*COLLECTED MATERIAL:*

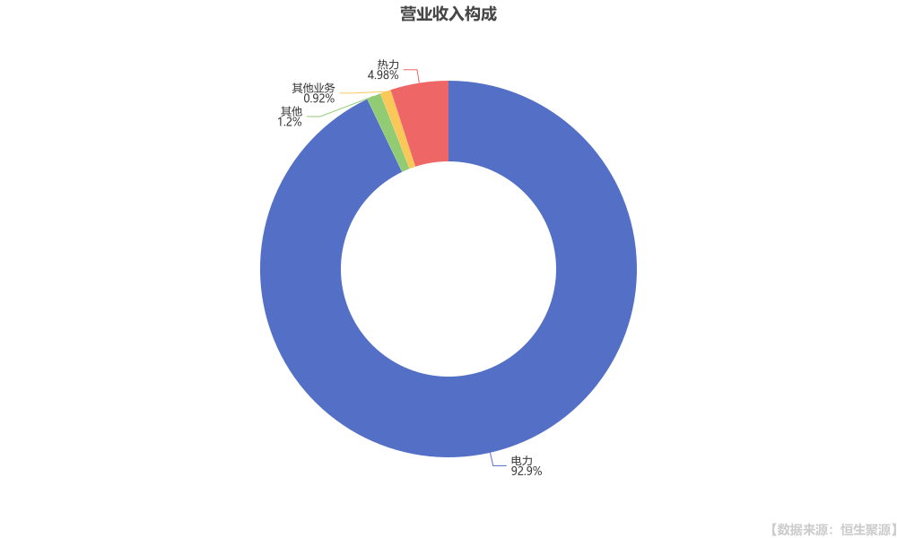 分產(chǎn)品來看,公司電力收入393.92億元,占比92.90%,同比增長13.89%;熱力收入21.09億元,占比4.97%,同比下降3.04%;其他收入5.10億元,占比1.20%,同比下降72.54%;其他業(yè)務(wù)收入3.91億元,占比0.92%
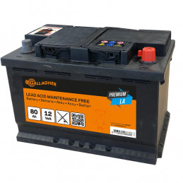 Gallagher Premium Blybatteri 12V/80Ah - 278x175x190Väljer du ett underhållsfritt batteri? Välj då Gallagher 12V PREMIUM La-batterier. Detta batteri har en längre livslängd än det vanliga 12 V-batteriet.Passar alla 12 V-elstängselaggregat och kan eventuellt kombineras med en solpanel.
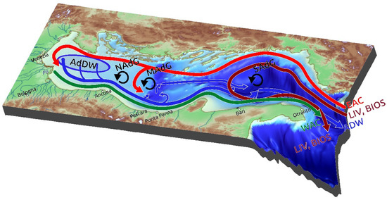 Bathymetric map of the Adriatic Sea showing the general circulation (from Spagnoli et al. [35]). Western Adriatic Current (WAC), Eastern Adriatic Current (EAC), North Adriatic Gyre (NAdG), Mid Adriatic Gyre (MAdG), South Adriatic Gyre (SAdG), Adriatic Dense Water (AdDW) North Adriatic AdW (NAdDW), Levantine Intermediate Water (LIW), Adriatic-Ionian bimodal oscillating system (BIOS).

*PROBLEM DESCRIPTION:*
Exact repetition of the material above is required, with the images removed.

*RESPONSE TO THIS EXERCISE:*
 分產(chǎn)品來看,公司電力收入393.92億元,占比92.90%,同比增長13.89%;熱力收入21.09億元,占比4.97%,同比下降3.04%;其他收入5.10億元,占比1.20%,同比下降72.54%;其他業(yè)務(wù)收入3.91億元,占比0.92%
 Gallagher Premium Blybatteri 12V/80Ah - 278x175x190Väljer du ett underhållsfritt batteri? Välj då Gallagher 12V PREMIUM La-batterier. Detta batteri har en längre livslängd än det vanliga 12 V-batteriet.Passar alla 12 V-elstängselaggregat och kan eventuellt kombineras med en solpanel.
 Bathymetric map of the Adriatic Sea showing the general circulation (from Spagnoli et al. [35]). Western Adriatic Current (WAC), Eastern Adriatic Current (EAC), North Adriatic Gyre (NAdG), Mid Adriatic Gyre (MAdG), South Adriatic Gyre (SAdG), Adriatic Dense Water (AdDW) North Adriatic AdW (NAdDW), Levantine Intermediate Water (LIW), Adriatic-Ionian bimodal oscillating system (BIOS).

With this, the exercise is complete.